I know I said I wanted to move forward. To do that, I have to clean up a little old business. So, I wrote this while I was in Milan, just after my father's death. Now I can move it out of drafts.
I love you, Paramo.
The phone call from my sister was brief: our father was in hospital, condition bad but cause still unclear. Maybe a stroke? A CT scan was scheduled, but the 9 hour time change made for difficult and frustrating communication. A couple of hours later, the news of a cerebral hemorrhage, and his deteriorating condition made it clear I would have to leave my wife and daughter, just one day after the 1-year memorial for our daughter and fly to Milan to be with my sister Daniela, and Iaia, my father's companion, and stay until things resolved, one way or another.
I left California Saturday at 3:30. I slept on the long leg from LA to Paris, which undoubtedly contributed to my feeling of lightheadedness when I had to change planes. The airport in Paris is always very bright, but it seemed even more luminous in my state. 2 hours later, 15 hours after leaving California, I was in Milan.
During the flight from Paris to Milan, I tried to meditate some and succeeded in feeling somewhat more settled by the time I landed. I was met by my father's niece, who hugged me tightly before rushing us to the hospital. My stress grew again to match hers, and by the time we got there, through the traffic around the Pope's visit and the usual chaos of Milan, I was very tight and felt completely muddle-headed.
When I got to the hospital, many friends and family were already there, having kept watch over my father for the past day.

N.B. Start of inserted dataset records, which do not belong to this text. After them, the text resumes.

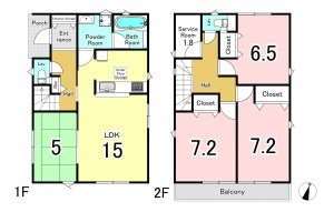 - システムキッチン、カウンターキッチン、シャンプードレッサー、洗浄便座、浴室乾燥機、複層ガラス、モニタ付インターホン、駐車場2台分、床下収納、トイレ2箇所、納戸
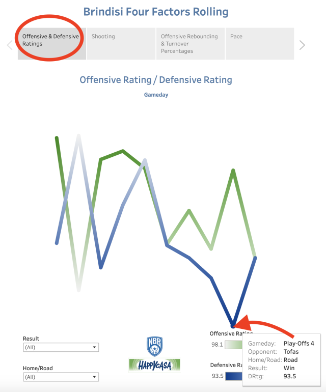Los datos a continuación trazan la temporada de Brindisi a través de la lente de los Cuatro Factores (y el Ritmo) partido a partido. Tienes cuatro pestañas para explorar; Calificaciones ofensivas y defensivas, tiros, rebotes ofensivos y porcentajes de rotación, y ritmo. Cada pestaña tiene filtros para el resultado y la ubicación de los partidos que le permiten ver las victorias contra las derrotas y los partidos en casa contra los visitantes.
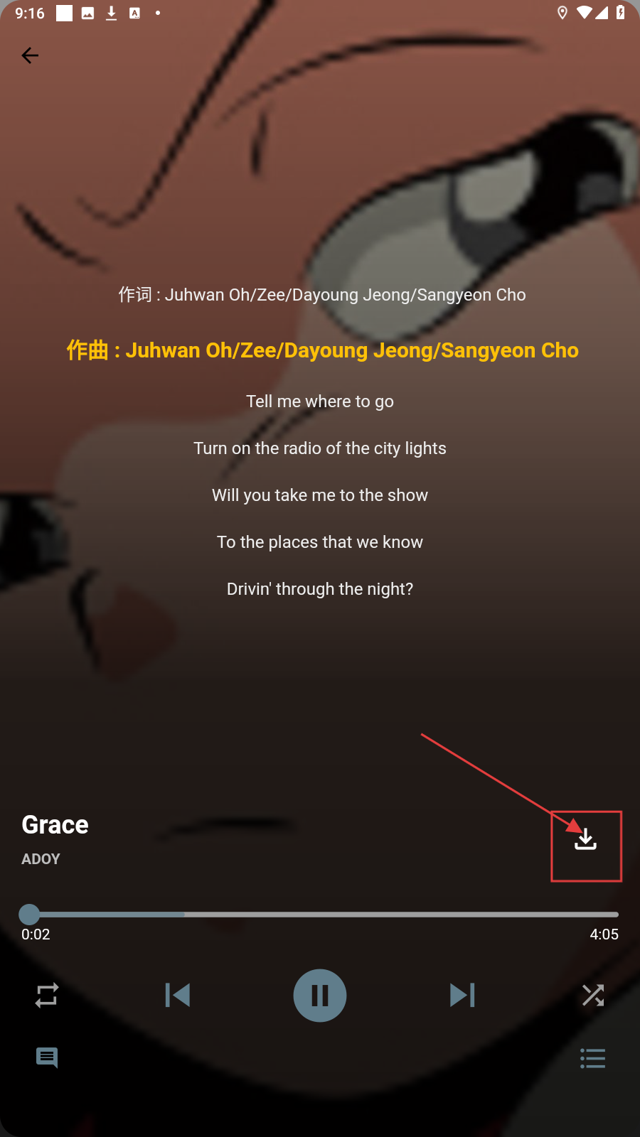 3、进入歌曲播放界面,点击右下角下载图标进行歌曲下载。
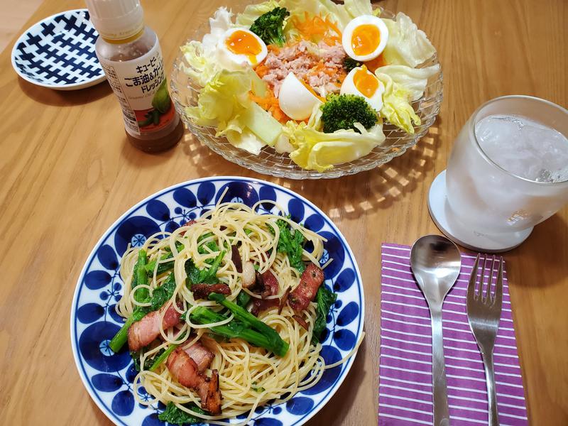 菜の花とベーコンのパスタです❗麺は糖質オフ😆

I greeted them, some of whom I had not seen in 20 or more years, and then made my way to Paramo's bedside around 4:30. (Even though I was adopted when I was 9, I have rarely called him "dad", first just calling him by his given name, Marco, and later the name he had been given by our guru.) I spoke gently to him, letting him know I was here, and held his hand. After a bit, the doctor on duty came in, and we spoke for a few minutes about his thoughts and findings, and prognosis. My sister had copies of the CT scans, and I could easily see the blood, filling an area the size of a woman's fist, deep in his brain, near the medulla. Completly inoperable. All signs were poor, and shortly his breathing became less steady.

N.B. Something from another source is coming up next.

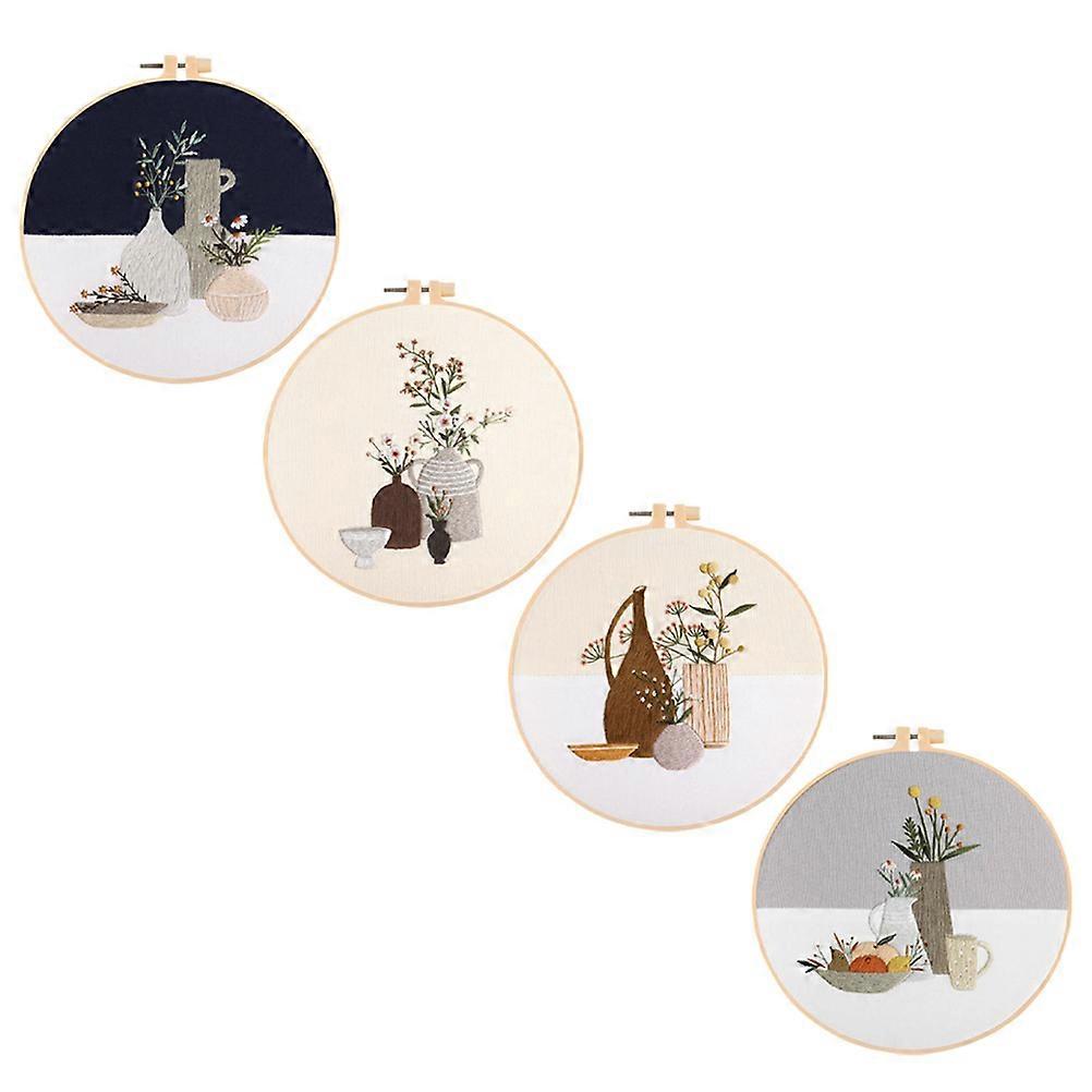 Embroidery Supplies Kit Household Embroidery Kits DIY Embroidery Textile Accessories Assorted Color 20X20cm Handcrafted Needlepoint 4Sets

After about 30 minutes, my sister decided to go shower and change, as she had been there for more than 20 hours. Since I was still wound up, I told her to go, and that I would stay, and call with any news. I spent a few minutes with his friends and Iaia, his companion of 22 years, just standing by the side of his bed, and saying the things one says when there is not much to say. Then, I sat down in the lone chair by his side and took his hand. At first, I tried to pour some energy into his body, to see if that would help, or put a ring of light around him, but within a minute or so, I became aware that I wasn't centered enough to do anything useful, so I concentrated on becoming centered and then asking him what he needed from me. As I settled myself, I thought that what he needed was permission, so I said, "It's OK, Paramo. it's OK. Go and be with Bhagwan and Ramesh. We're going to be fine." There was no immediate response, so I just continued to hold his hand and stay centered, holding a ring of pink light around all of us. Within a couple of minutes his breathing changed, and became very soft and light, and his heart rate, which had been quite high, began to drop. A few more moments, and it became obvious that he was going, and the nurses and doctors came in to see what they could do, as the alarms were going off. We had insisted on a "no interventions" instruction (not easy to do in a catholic country), so, after they checked, they left again, and Iaia and I resumed our places, with me sitting by the bed, holding his hand lightly. Less than 5 minutes later, less than an hour since I arrived, he let go of his last breath and lay still.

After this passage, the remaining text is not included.